From Merriam-Webster’s Dictionary:

exercise |ˈɛksəsʌɪz| noun
1 [ mass noun ] physical activity that is done in order to become stronger and healthier


Similarly to Webster’s definition, I define exercise as an activity that requires physical exertion with the objective of maintaining or improving health.

Exercise’s main objective is to improve your health. Exercise may also keep you motivated, make you sweat and even be fun. But none of these are the primary goal of exercise, they are just the effects That’s right, you read that correctly – the amount of sweat you produce from your sweat glands is not necessarily indicative how effectively you are exercising.

So if we adopt the definition of ‘exercise’ as an activity to promote health, then what about sports? Are sports considered exercise?

Yes and no.

Now I love sports. I got into this profession because of my love of playing sports. Sports are not only huge fun; if played intensively enough, many sports can change your body composition and improve your health immensely. That’s because all sports have some element of exercise built in to them. Most sports require a decent level of physical exertion – I say ‘most’ because there are some people who actually think throwing darts, or shooting pool are sports, but that’s an ENTIRELY different discussion…

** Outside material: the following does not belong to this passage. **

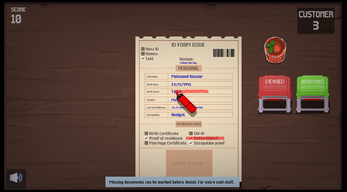 People hand you documents. You check for inconsistencies. Then approve or deny using your stamp.

marathon-498500_1280So all physical sports have some elements of exercise built in. But in order to judge whether any given sport is ‘exercise’, we need to dig a little bit further. Now there are several criteria we could use to measure how effective a sport is as an exercise, including the effect of the sport on cardio-respiratory conditioning, its ability to help you shed dangerous visceral fat, and the rate at which you acquire muscle mass during the sport, among other things.

But there is one critical dimension to whether a sport can be considered an exercise, which is: the risk of injury associated with the activity.

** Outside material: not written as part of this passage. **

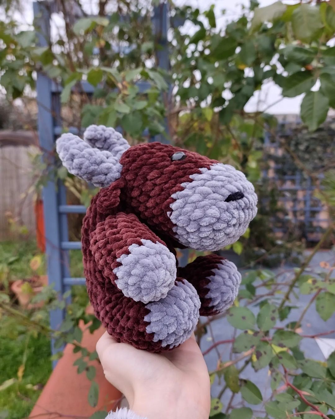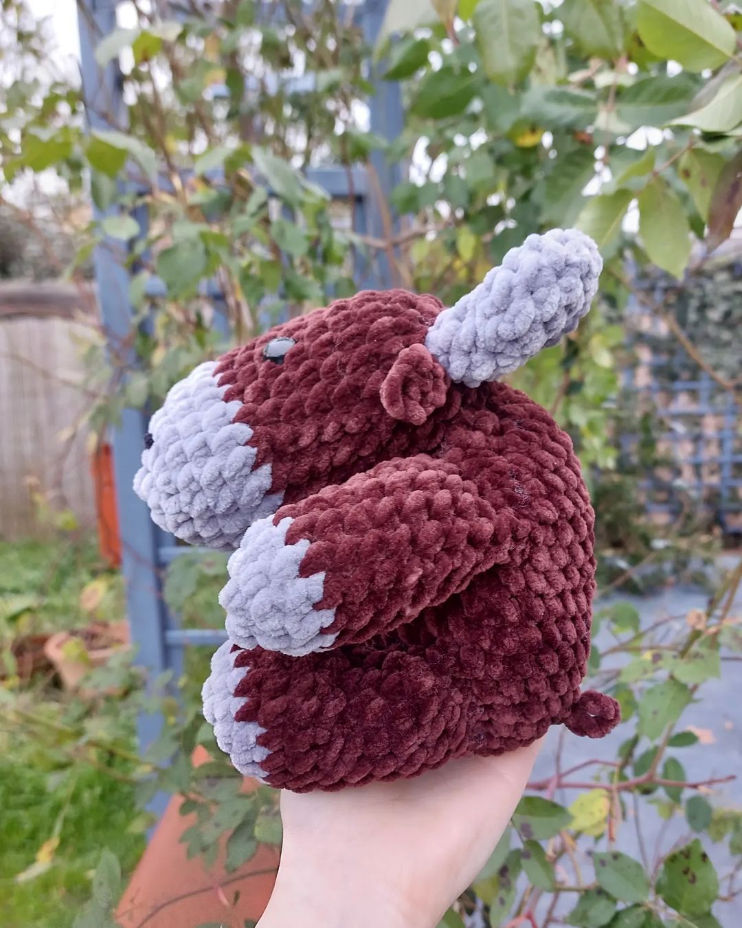 Taureau 🐂 fait main au crochet, laine ultra douce grise et marron foncée. Yeux de sécurité.

Think about it: what good as an exercise is a sport that gives you a back sprain that stops you from exercising for 2 weeks or more? It may seem like a no brainer to say that being injured is the direct opposite of being healthy. But the brutal truth (particularly for someone like me that loves sports and has endured several sports related injuries over the years) is that if the activity involves a high risk of injury, it is simply not effective exercise.

Exercise is to promote health – not to diminish health by getting injured. All sports have some amount of risk – some more than others. It is therefore paramount that if someone were to exercise for the sole purpose of improving health that they choose a type of exercise that not only helps them to ‘get into shape’, but also has the lowest risk of injury.

This is one reason why I find the personal training scene here in Shanghai so appalling. I’ve actually witnessed trainers texting on their phones while their clients are lifting weights overhead with terrible form, ruining their backs and on the verge of dropping the dumbbells on their own heads. Clients are paying good money to get healthy but instead risk achieving the exact opposite result because of a supposedly professional trainer committing gross malpractice.

So the next time someone tells you they need to exercise, ask them what their real intentions are. If it’s for the love of whatever the sport they choose, then ok. But choosing to play a sport assumes that you accept all the risks that go with that sport (hopefully they will know what those risks are!). However, if their goal is to be as healthy and fit as possible, then it only makes sense to choose an exercise activity that is effective, efficient, and safe!